ABSTRACT / PROJECT SUMMARY Closed-mechanism peripheral nerve injuries are among the most devastating neurologic injuries, often with complete loss of functional use of a limb. Nerve regeneration, i.e., the cascade of regenerative changes after injury, commonly fails in rapid-stretch injuries. Instead, a neuroma forms – where abundant scar tissue replaces the normal pathway for nerve regeneration. Unfortunately, in closed-mechanism injuries, there are few diagnostic clues to identify when neuromas will form – and thus, clinical management is based on waiting until failure is manifest – and the surgical outcomes are, consequentially, impoverished due to regenerative senescence. The goal of this project is to test the hypotheses that there are biomarkers in peripheral blood to provide prognosis and guide the management of closed mechanism nerve injuries. Neurological outcomes are clearly related to the 1) severity of nerve injury and to 2) healing response, whether regeneration or neuroma formation. We have established a rapid-stretch nerve injury model that mimics, along with crush injuries, the clinically relevant closed-mechanism nerve injuries. Our model matches the injury types/grades and histology seen in human nerve injuries. We propose utilizing both circulating protein and RNA molecules, to remain unbiased in selecting the optimal diagnostic tool for the future. Machine learning algorithms will be applied to the large dataset to improve diagnostic accuracy. If successful, this project will provide preliminary data for designing future human trials aimed at evaluating nerve injuries (R61/R33). Specifically, we will need to know whether proteomics or transcriptomics or a combination will provide greater diagnostic accuracy, as well as developing workflow for machine learning algorithms. The proposed evaluation will likely provide significant clinical utility in proximal nerve injuries, where the prognosis for recovery is currently poor due to the prolonged time required to detect failed regeneration.

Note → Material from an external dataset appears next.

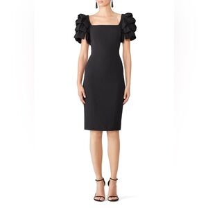This stunning cream midi dress by Badgley Mischka features a chic square neckline and playful puff sleeves, perfect for a bride or wedding guest. The ruffled, tiered design adds a touch of elegance to the sheath silhouette, making it a standout choice for special occasions.

摘要 /项目摘要 封闭力学的外周神经损伤是最具破坏性的神经系统损伤，通常 肢体的功能使用完全丧失。神经再生，即在 受伤，通常在快速拉伸伤害中失败。相反，神经瘤形式 - 丰富的疤痕组织替代 神经再生的正常途径。不幸的是，在封闭力学损伤中，诊断很少 识别神经瘤何时会形成的线索 - 因此，临床管理是基于等待直到失败为止的 显然 - 因此，由于再生感应，手术结局是贫穷的。 该项目的目的是测试外周血中有生物标志物的假设 预后和指导封闭机制神经损伤的管理。神经学显然是 与1）神经损伤的严重程度以及2）愈合反应有关，无论是再生还是神经瘤形成。 我们已经建立了一个快速拉伸的神经损伤模型，该模型在临床上模仿伴侣损伤。 相关的封闭力学神经损伤。我们的模型与在 人神经损伤。我们建议同时使用循环蛋白和RNA分子，以保持公正 为未来选择最佳诊断工具。机器学习算法将应用于大数据集 提高诊断准确性。 如果成功，该项目将提供初步数据，用于设计旨在评估神经的未来人体试验 受伤（R61/R33）。特别是，我们需要知道蛋白质组学或转录组学还是组合 将提供更高的诊断准确性，并为机器学习算法开发工作流程。 拟议的评估可能会在预后造成的代理租赁损伤中提供明显的临床效用 由于检测到再生所需的时间延长，目前恢复目前很差。